The code for Int (div x c) where c is a constant of the form 2n should be implemented with an arithmetic right shift, currently it's a call to a function. This optimization should be done for all signed types.

Change History (32)

comment:1 Changed 8 years ago by simonpj

Owner: set to daniel.is.fischer

Daniel, might you have time to look at this? (Or Ian.)

Simon

comment:2 Changed 8 years ago by daniel.is.fischer

I'll see if I can find the relevant modules of the compiler.

comment:3 Changed 8 years ago by Lennart

Also, mod of powers of 2 should be an AND instruction.
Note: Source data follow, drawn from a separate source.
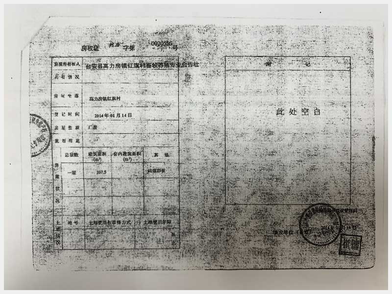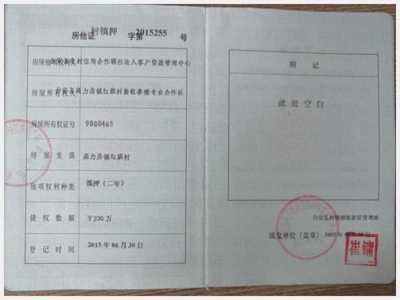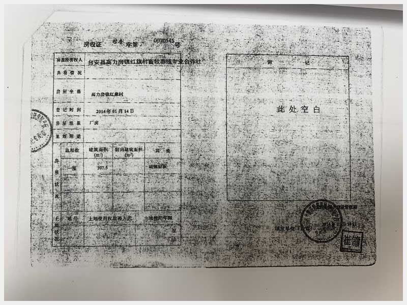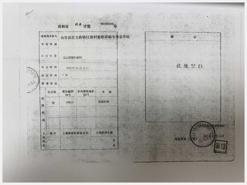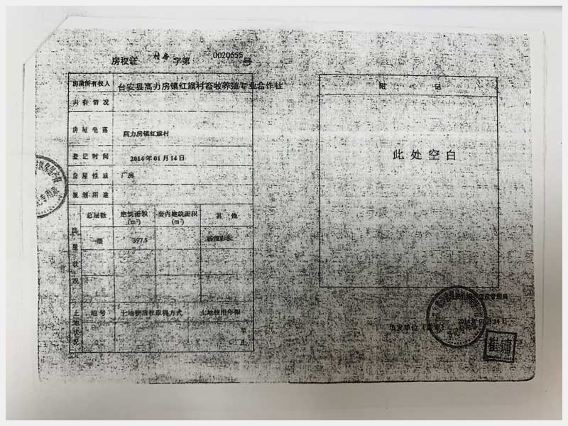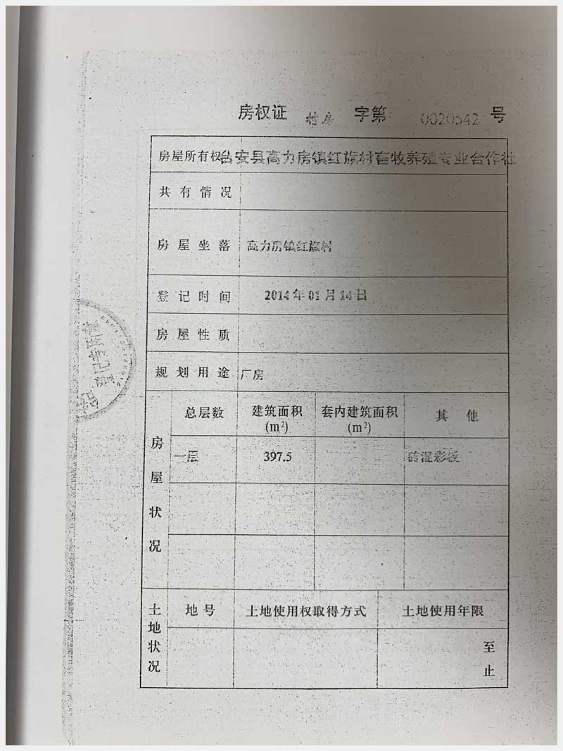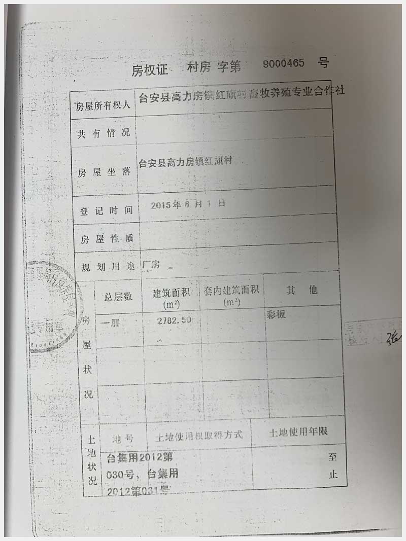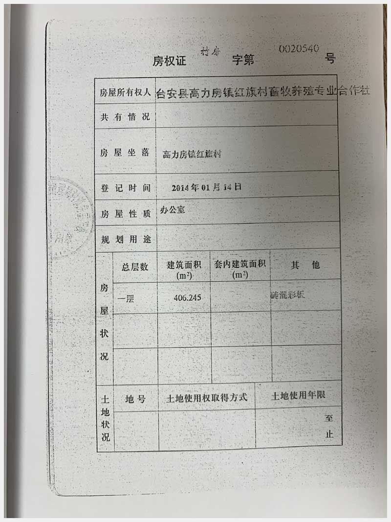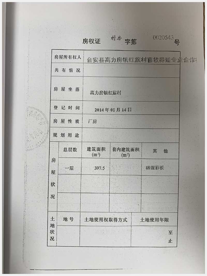 名稱:臺安縣高力房鎮(zhèn)紅旗村畜牧養(yǎng)殖專業(yè)合作社 面積:房產(chǎn):10559.98㎡、土地:19807.47㎡ 瀏覽次數(shù):1523
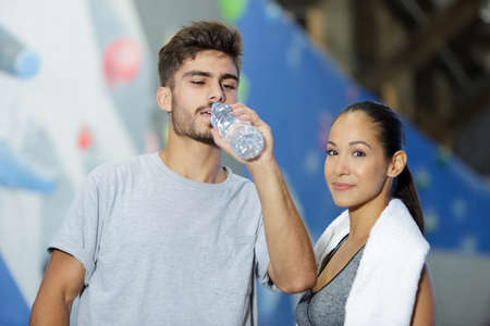 Ensure you drink enough water before, during and after exercising. Shot of two sporty young people drinking water while exercising outdoors.
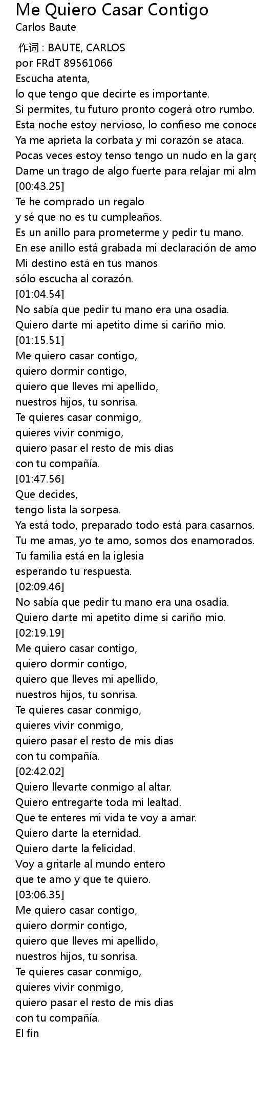 | [02:42.72] | Quiero llevarte conmigo al altar. |
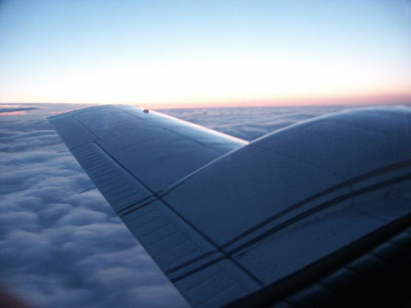 The left wing of Langley Flying School’s Piper Seneca over Oregon. March, 2005.

comment:4 Changed 8 years ago by simonmar

From this input:

module Foo where

foo :: Int -> Int
foo x = x `div` 64

With -O2 we get as far as a call to GHC.Base.divInt#:

Foo.foo =
  \ (x_abl :: GHC.Types.Int) ->
    case x_abl of _ { GHC.Types.I# ww_awV ->
    case GHC.Base.divInt# ww_awV 64 of ww1_ax3 { __DEFAULT ->
    GHC.Types.I# ww1_ax3
    }
    }

but divInt# wasn't inlined:

Considering inlining: GHC.Base.divInt#
    arg infos [TrivArg, ValueArg]
    uf arity 2
    interesting continuation ArgCtxt False
    some_benefit True
    is exp: True
    is cheap: True
    guidance IF_ARGS [0 0] 139 0
    discounted size = 109
    ANSWER = NO

And divInt# has this unfolding:

435aa24ba2ad252f2b1992da3e8faa90
  divInt# :: GHC.Prim.Int# -> GHC.Prim.Int# -> GHC.Prim.Int#
    {- Arity: 2, HasNoCafRefs, Strictness: LL,
       Unfolding: (\ x# :: GHC.Prim.Int# y# :: GHC.Prim.Int# ->
                   case GHC.Prim.># x# 0 of wild {
                     GHC.Types.False
                     -> case GHC.Prim.<# x# 0 of wild1 {
                          GHC.Types.False -> GHC.Prim.quotInt# x# y#
                          GHC.Types.True
                          -> case GHC.Prim.># y# 0 of wild2 {
                               GHC.Types.False -> GHC.Prim.quotInt# x# y#
                               GHC.Types.True
                               -> case GHC.Prim.quotInt#
                                         (GHC.Prim.+# x# 1)
                                         y# of wild3 { DEFAULT ->
                                  GHC.Prim.-# wild3 1 } } }
                     GHC.Types.True
                     -> case GHC.Prim.<# y# 0 of wild1 {
                          GHC.Types.False
                          -> case GHC.Prim.<# x# 0 of wild2 {
                               GHC.Types.False -> GHC.Prim.quotInt# x# y#
                               GHC.Types.True
                               -> case GHC.Prim.># y# 0 of wild3 {
                                    GHC.Types.False -> GHC.Prim.quotInt# x# y#
                                    GHC.Types.True
                                    -> case GHC.Prim.quotInt#
                                              (GHC.Prim.+# x# 1)
                                              y# of wild4 { DEFAULT ->
                                       GHC.Prim.-# wild4 1 } } }
                          GHC.Types.True
                          -> case GHC.Prim.quotInt#
                                    (GHC.Prim.-# x# 1)
                                    y# of wild2 { DEFAULT ->
                             GHC.Prim.-# wild2 1 } } }) -}

I'm rather surprised it has such a large size, since it is mostly primops and inline cases. I suspect we're counting too much for those cases, they ought to look cheap because they're inline (not evals). And there ought to be a big discount for that constant argument.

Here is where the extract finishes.